So we stated that this process is an experiment, and for an experiment to be successful, it needs to be carefully planned and executed.
Go get your mad scientist hat (do scientist wear hats?) and get ready to turn your desk into a mini lab.
In this lesson, we’ll create an example to make it easier to digest. Let’s say you are going to test subject lines.
2 things before we get started:
- The lesson is the actual homework, implement these steps on your next campaign (and don’t look for homework at the end of the lesson)
- This is how we at SM plan and run tests, so I decided to share this with you rather that giving you the “best practices”
Alright? Let’s do this!
1) What’s the goal?
You’ve probably noticed that I start everything by establishing a clear goal, this helps you and your team focused. It’s very easy to get sidetracked in this kind of stuff and end up achieving something completely different.
A goal is simple: We need to get more opens.
2) Current situation
Start by gathering some quick data to get a snapshot of the current situation.
In this example, we’ll collect the open rate of our last 10 campaigns to get an average.
Current situation: 7% open rate in the last 10 campaigns.
Easy tiger… Let’s keep things simple. A hypothesis is nothing more than an explanation of why you believe this is happening.
We all have assumptions about things. Why do think people are not opening your emails?
Hypothesis: I think our subject lines are too impersonal.
4) Pick your test
Now that you know exactly what you’re aiming for, determine what kind of test you need to run.
To continue with our example…
Test: We’ll run an A/B Test to increase opens.
5) Set your metrics
How are you going to measure success? Determine which metrics to track and make sure all is set.
In this case it’s easy…
Metric: Open rate.
6) Set your variants
With a hypothesis at hand and knowing what kind of test you’re planning to run, you can start working on your variants.
Get the original version in place, that will be the “control,” or “Variant A.”
Control: “The word that boosts opens… and kills clicks”
We want the subject line to feel more personal, like we are talking to that specific subscriber in front of the inbox. We’ll test using a “You” approach in the copy:
Treatment: “This word will boost your opens… but kill your clicks”
7) Run your test
It’s time to set up your test, we’ll cover this in more detail in a separate lesson, for now let’s just go with the basics.

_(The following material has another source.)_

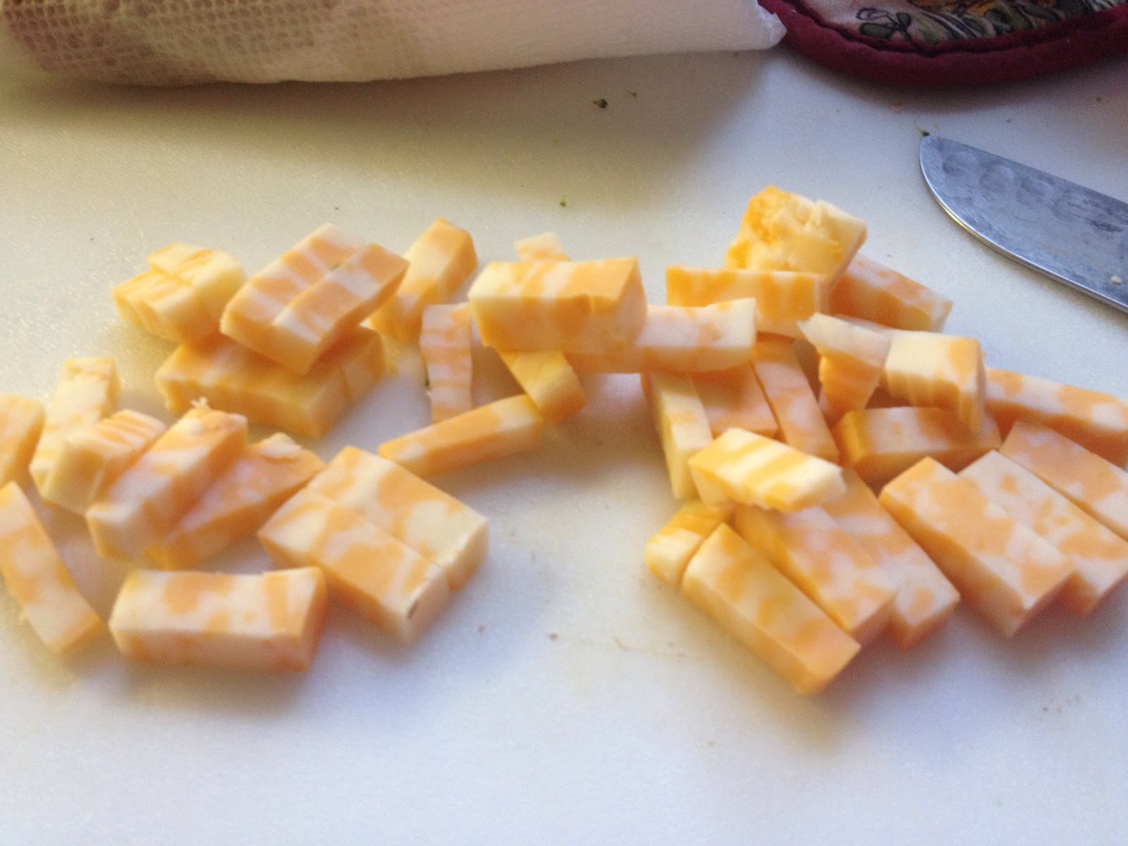 Next up was CHEESE! We all know how I love cheese – so I took a block of cojack and diced it into little rectangles. I then added a few of these to each muffin cup.

Head over to your ESP and set all the logistics: The type of test, segments of the list, metric, how long, etc.
8) Determine a winner
The winning campaign is determined by metric.
- Control: 27% open rate
- Treatment: 43% open rate
The treatment outperformed the control. Yey!
The campaign is sent to the rest of the list using the treatment version of your test.
9) Final results
The results once you send to the entire list might still vary. Just because your test gave you a 43% open rate doesn’t mean you will hit that exact number.
Watch the final results and keep track of them as you continue to run tests.
10) What did you learn?
Nobody does this, and it’s a huge mistake because data doesn’t really tell you why variant B won the test, it just tells you that it did.
Do you think an NBA coach just looks at the final score and goes home happy? Nope, they analyze the game, the strategy they used in the 3rd quarter when they completely stopped the opponents offense, the substitutions, e-v-e-r-y-t-h-i-n-g.
They need to know WHY they won.
Based on your goal, your hypothesis, your test and its results, try to understand what happened. Why did B win? Was you assumption correct?
Acknowledge this, make notes, share it with your team. Don’t just high five.